TASK DIRECTIONS
Read the entries below and pull out each line with the string "March".

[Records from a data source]
---------------

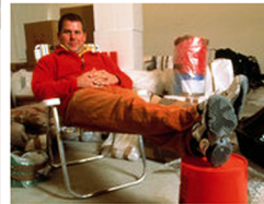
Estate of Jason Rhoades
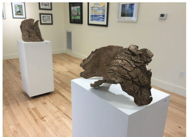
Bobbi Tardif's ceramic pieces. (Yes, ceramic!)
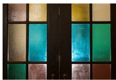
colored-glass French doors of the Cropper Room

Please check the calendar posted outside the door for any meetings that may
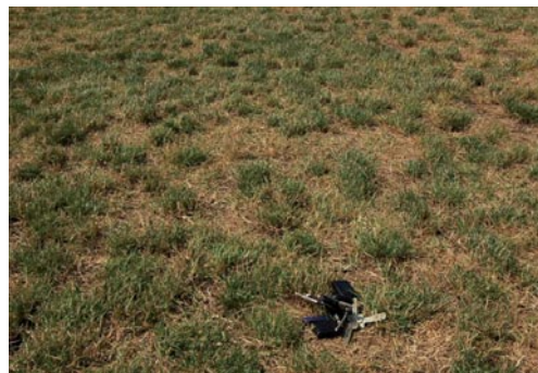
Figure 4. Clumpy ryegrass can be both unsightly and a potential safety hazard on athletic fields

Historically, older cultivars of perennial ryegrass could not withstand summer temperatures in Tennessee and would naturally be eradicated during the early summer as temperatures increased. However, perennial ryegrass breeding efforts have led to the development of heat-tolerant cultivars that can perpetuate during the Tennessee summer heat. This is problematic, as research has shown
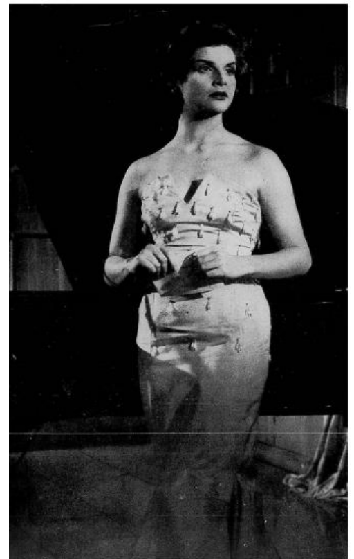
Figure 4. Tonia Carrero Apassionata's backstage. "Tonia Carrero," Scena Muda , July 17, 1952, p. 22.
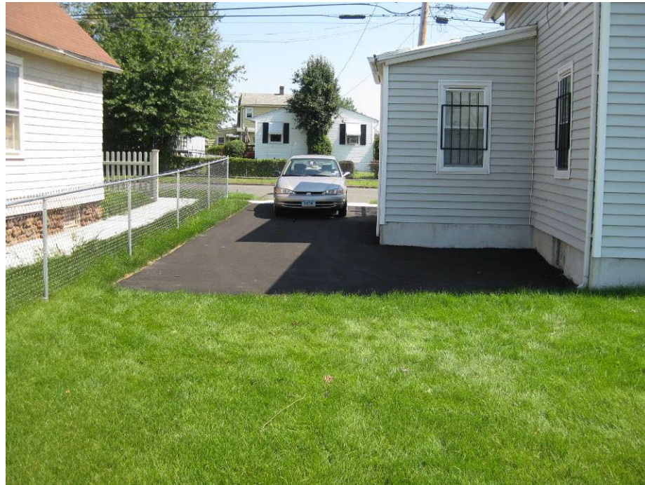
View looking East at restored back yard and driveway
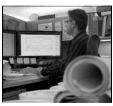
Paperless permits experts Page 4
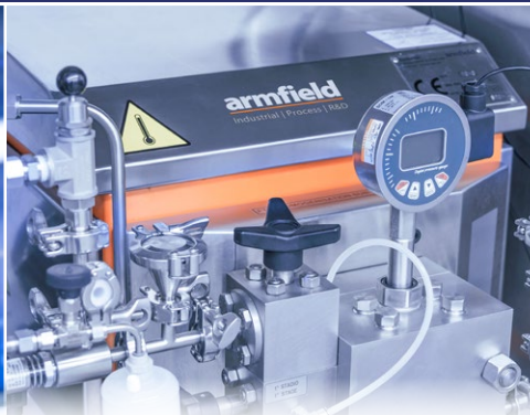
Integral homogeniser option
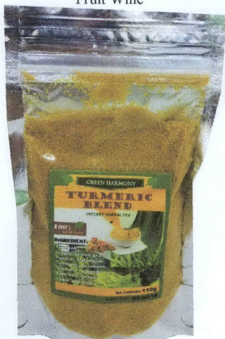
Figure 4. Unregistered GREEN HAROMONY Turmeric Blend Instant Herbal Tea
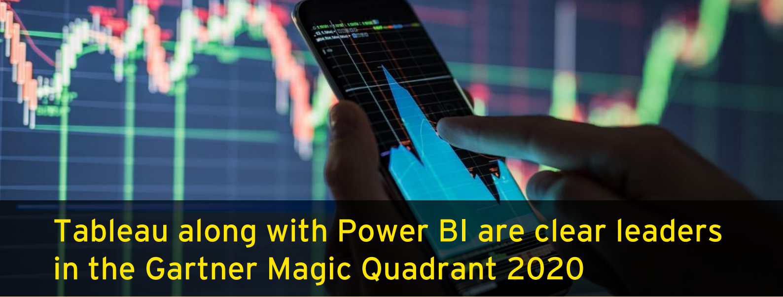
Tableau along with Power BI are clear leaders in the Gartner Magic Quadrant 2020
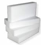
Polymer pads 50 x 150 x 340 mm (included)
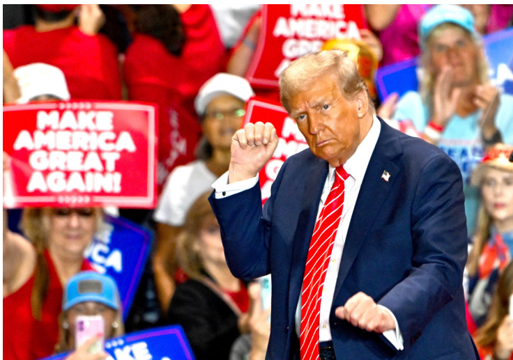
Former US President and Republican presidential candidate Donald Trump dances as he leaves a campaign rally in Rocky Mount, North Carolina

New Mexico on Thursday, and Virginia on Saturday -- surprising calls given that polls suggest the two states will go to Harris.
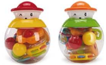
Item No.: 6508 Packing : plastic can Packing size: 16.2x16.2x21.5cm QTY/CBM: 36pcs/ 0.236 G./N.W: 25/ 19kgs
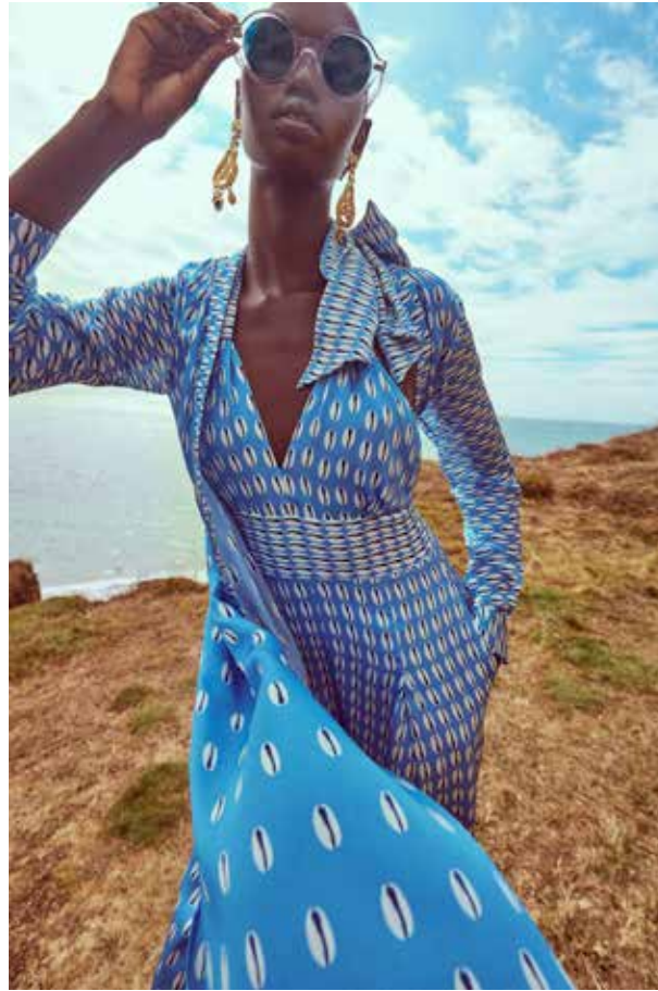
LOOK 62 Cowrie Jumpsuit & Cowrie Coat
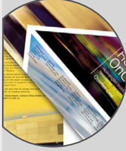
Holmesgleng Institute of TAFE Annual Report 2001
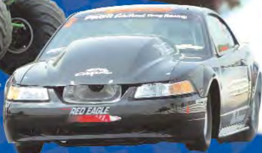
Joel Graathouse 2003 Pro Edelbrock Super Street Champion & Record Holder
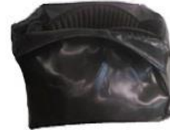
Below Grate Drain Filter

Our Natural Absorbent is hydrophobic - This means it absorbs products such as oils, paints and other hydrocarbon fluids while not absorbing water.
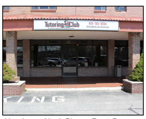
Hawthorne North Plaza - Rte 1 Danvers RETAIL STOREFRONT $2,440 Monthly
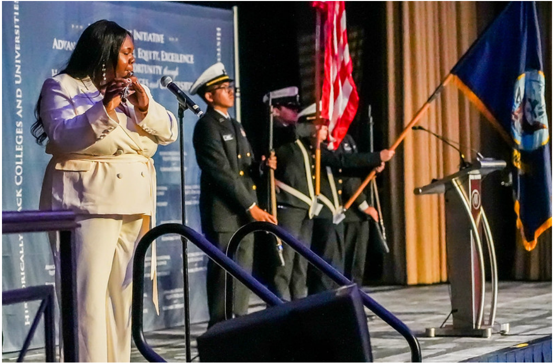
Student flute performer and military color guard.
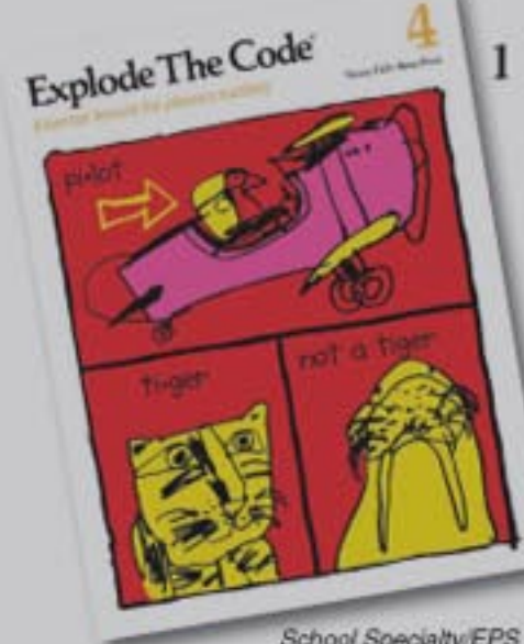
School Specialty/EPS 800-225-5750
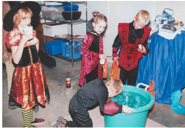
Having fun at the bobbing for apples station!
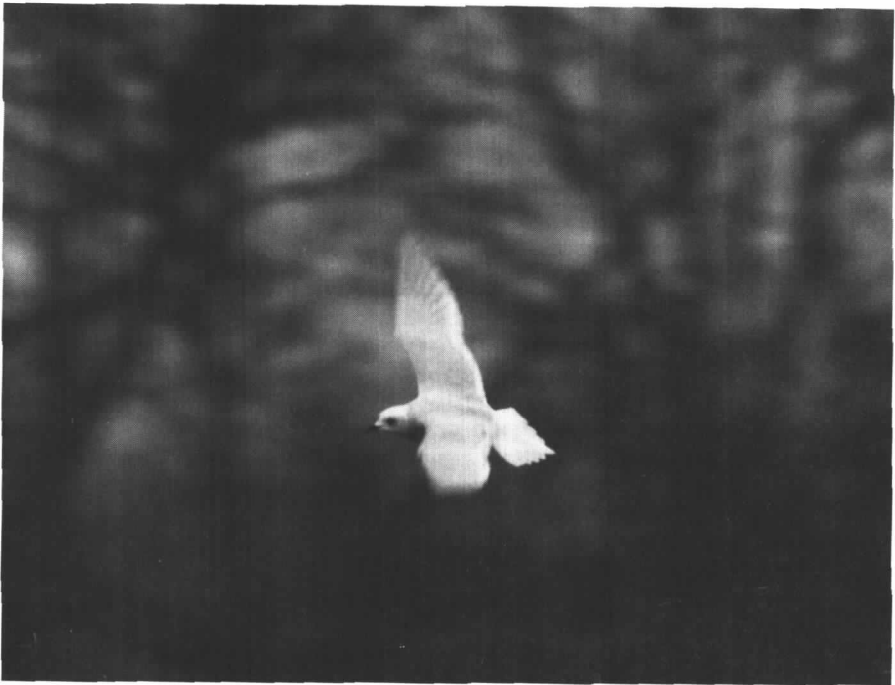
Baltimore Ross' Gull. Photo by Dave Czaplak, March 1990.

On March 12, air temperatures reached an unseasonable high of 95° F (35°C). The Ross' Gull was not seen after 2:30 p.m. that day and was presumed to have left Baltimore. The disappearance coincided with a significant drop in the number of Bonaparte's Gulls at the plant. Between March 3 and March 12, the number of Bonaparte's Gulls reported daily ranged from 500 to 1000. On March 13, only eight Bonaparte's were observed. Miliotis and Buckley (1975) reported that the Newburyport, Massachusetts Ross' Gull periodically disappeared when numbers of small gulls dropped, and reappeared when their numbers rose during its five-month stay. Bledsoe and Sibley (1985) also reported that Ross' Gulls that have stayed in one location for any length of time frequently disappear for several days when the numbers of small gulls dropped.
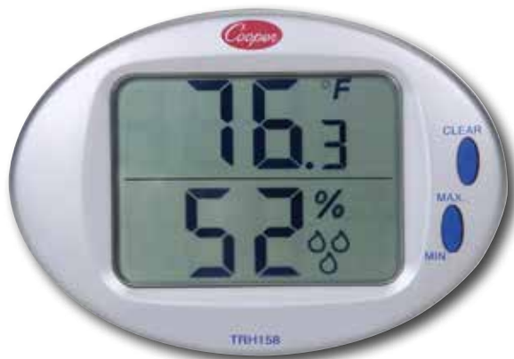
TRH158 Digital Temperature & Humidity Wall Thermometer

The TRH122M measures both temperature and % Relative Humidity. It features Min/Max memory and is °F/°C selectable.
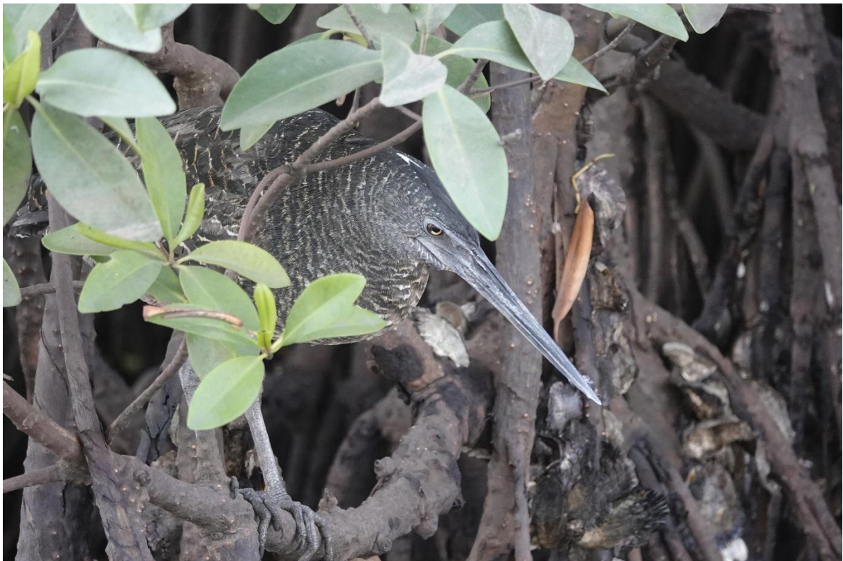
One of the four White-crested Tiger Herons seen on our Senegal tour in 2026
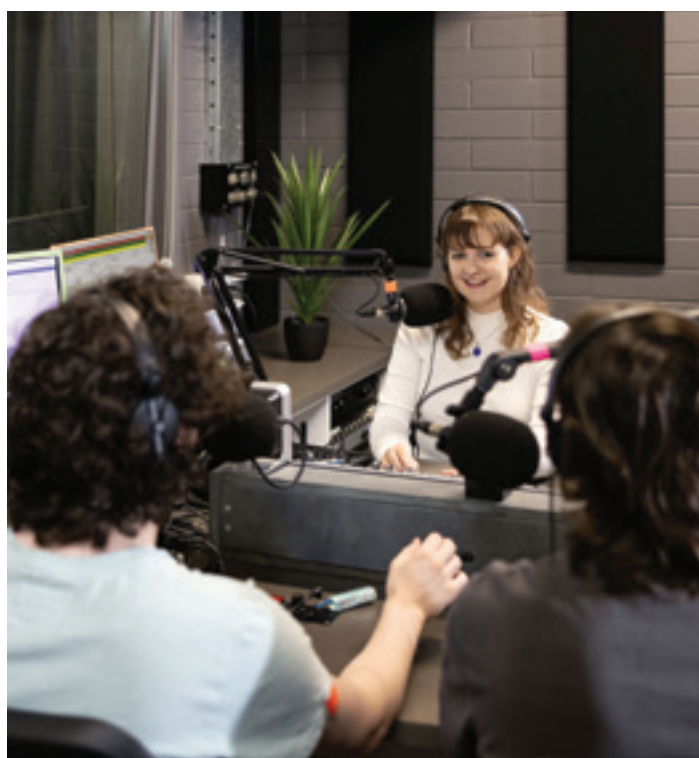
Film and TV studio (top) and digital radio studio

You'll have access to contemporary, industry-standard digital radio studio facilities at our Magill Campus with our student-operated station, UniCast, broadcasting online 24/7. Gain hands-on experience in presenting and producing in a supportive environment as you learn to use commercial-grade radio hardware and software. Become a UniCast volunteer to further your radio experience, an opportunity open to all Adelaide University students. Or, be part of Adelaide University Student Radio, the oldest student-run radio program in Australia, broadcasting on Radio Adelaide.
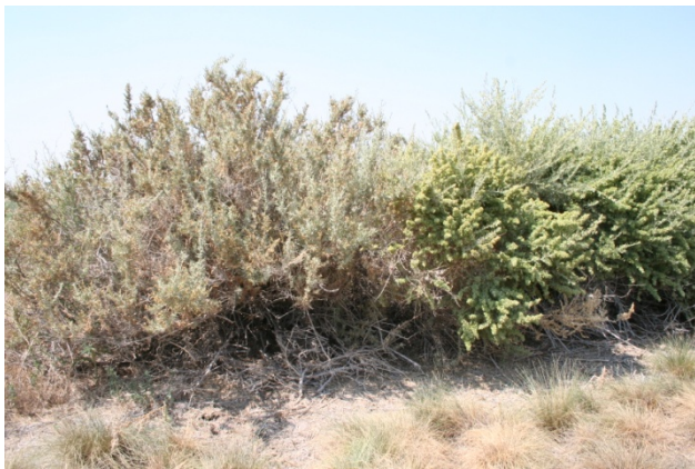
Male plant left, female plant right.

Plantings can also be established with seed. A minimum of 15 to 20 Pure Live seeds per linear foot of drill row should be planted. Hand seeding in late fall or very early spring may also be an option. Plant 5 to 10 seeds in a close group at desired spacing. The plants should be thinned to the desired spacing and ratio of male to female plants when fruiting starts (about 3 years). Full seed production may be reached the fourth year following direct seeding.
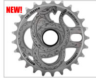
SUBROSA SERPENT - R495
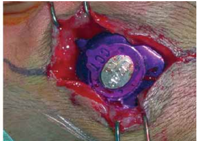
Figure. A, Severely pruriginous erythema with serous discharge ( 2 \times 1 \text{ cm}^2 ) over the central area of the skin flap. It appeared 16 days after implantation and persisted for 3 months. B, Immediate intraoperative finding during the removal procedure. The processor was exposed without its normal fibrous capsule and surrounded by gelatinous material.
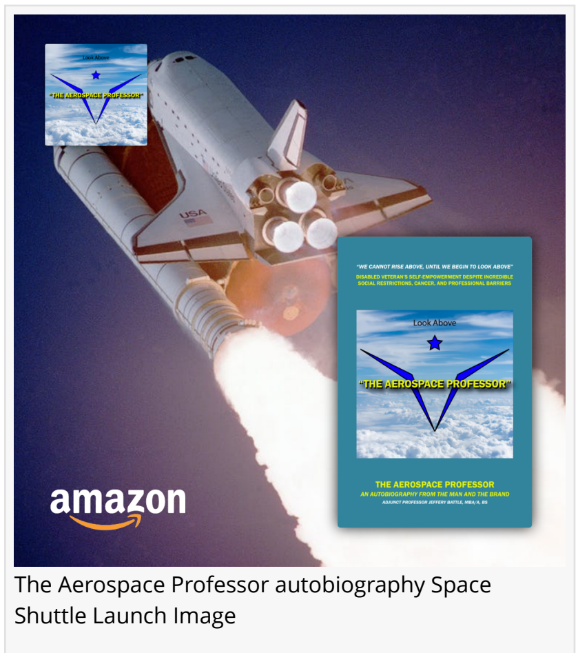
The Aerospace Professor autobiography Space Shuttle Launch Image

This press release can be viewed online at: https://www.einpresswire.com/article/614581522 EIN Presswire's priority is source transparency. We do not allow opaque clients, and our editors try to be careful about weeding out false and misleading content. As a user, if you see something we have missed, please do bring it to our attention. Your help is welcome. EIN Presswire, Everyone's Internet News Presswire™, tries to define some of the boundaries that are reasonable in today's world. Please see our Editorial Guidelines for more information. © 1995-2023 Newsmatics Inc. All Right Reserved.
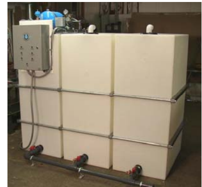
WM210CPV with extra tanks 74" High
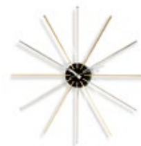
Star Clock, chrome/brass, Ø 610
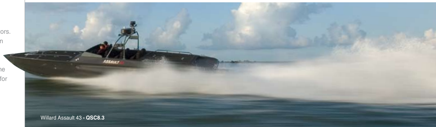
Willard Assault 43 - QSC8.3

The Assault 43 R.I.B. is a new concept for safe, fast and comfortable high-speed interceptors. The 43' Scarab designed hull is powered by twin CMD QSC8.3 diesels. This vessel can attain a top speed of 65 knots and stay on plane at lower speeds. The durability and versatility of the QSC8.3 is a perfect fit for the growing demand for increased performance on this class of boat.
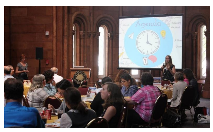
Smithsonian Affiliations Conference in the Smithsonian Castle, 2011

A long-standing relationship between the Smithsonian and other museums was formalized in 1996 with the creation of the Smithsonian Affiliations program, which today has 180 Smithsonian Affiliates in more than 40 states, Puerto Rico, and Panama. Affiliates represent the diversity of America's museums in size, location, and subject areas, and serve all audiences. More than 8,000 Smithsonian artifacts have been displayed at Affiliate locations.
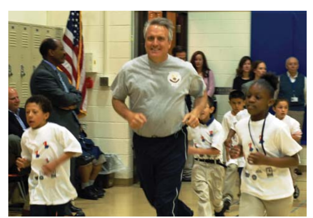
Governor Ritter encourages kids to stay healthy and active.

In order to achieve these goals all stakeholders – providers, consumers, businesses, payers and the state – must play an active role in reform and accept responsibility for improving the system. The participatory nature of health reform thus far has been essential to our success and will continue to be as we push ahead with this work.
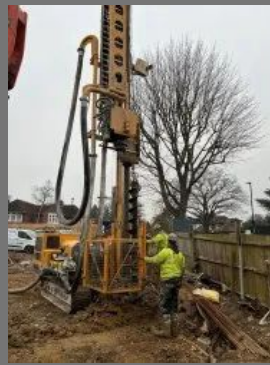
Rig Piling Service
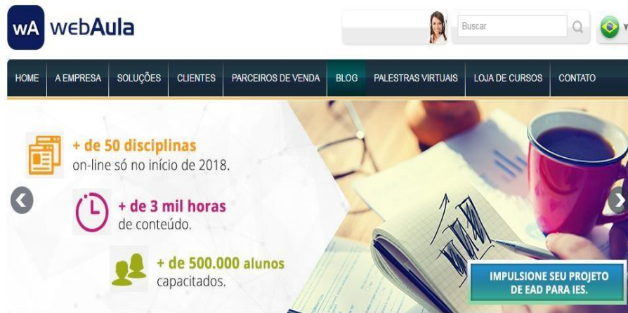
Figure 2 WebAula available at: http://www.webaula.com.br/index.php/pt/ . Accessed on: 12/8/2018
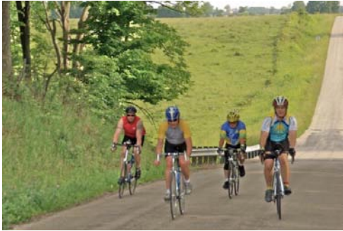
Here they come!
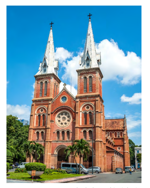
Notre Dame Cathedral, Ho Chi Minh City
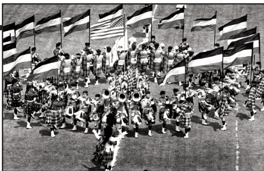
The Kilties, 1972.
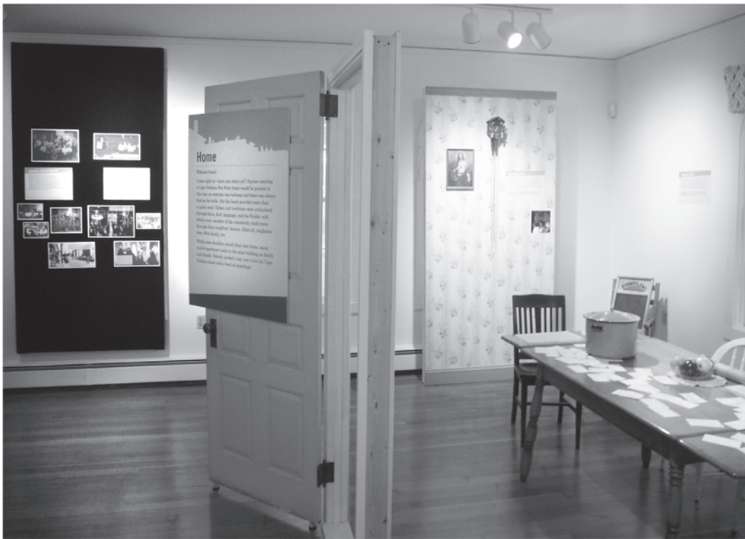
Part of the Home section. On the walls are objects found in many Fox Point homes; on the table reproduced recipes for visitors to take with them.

---------------

RESPONSE TO THE EXERCISE
Baltimore Ross' Gull. Photo by Dave Czaplak, March 1990.
On March 12, air temperatures reached an unseasonable high of 95° F (35°C). The Ross' Gull was not seen after 2:30 p.m. that day and was presumed to have left Baltimore. The disappearance coincided with a significant drop in the number of Bonaparte's Gulls at the plant. Between March 3 and March 12, the number of Bonaparte's Gulls reported daily ranged from 500 to 1000. On March 13, only eight Bonaparte's were observed. Miliotis and Buckley (1975) reported that the Newburyport, Massachusetts Ross' Gull periodically disappeared when numbers of small gulls dropped, and reappeared when their numbers rose during its five-month stay. Bledsoe and Sibley (1985) also reported that Ross' Gulls that have stayed in one location for any length of time frequently disappear for several days when the numbers of small gulls dropped.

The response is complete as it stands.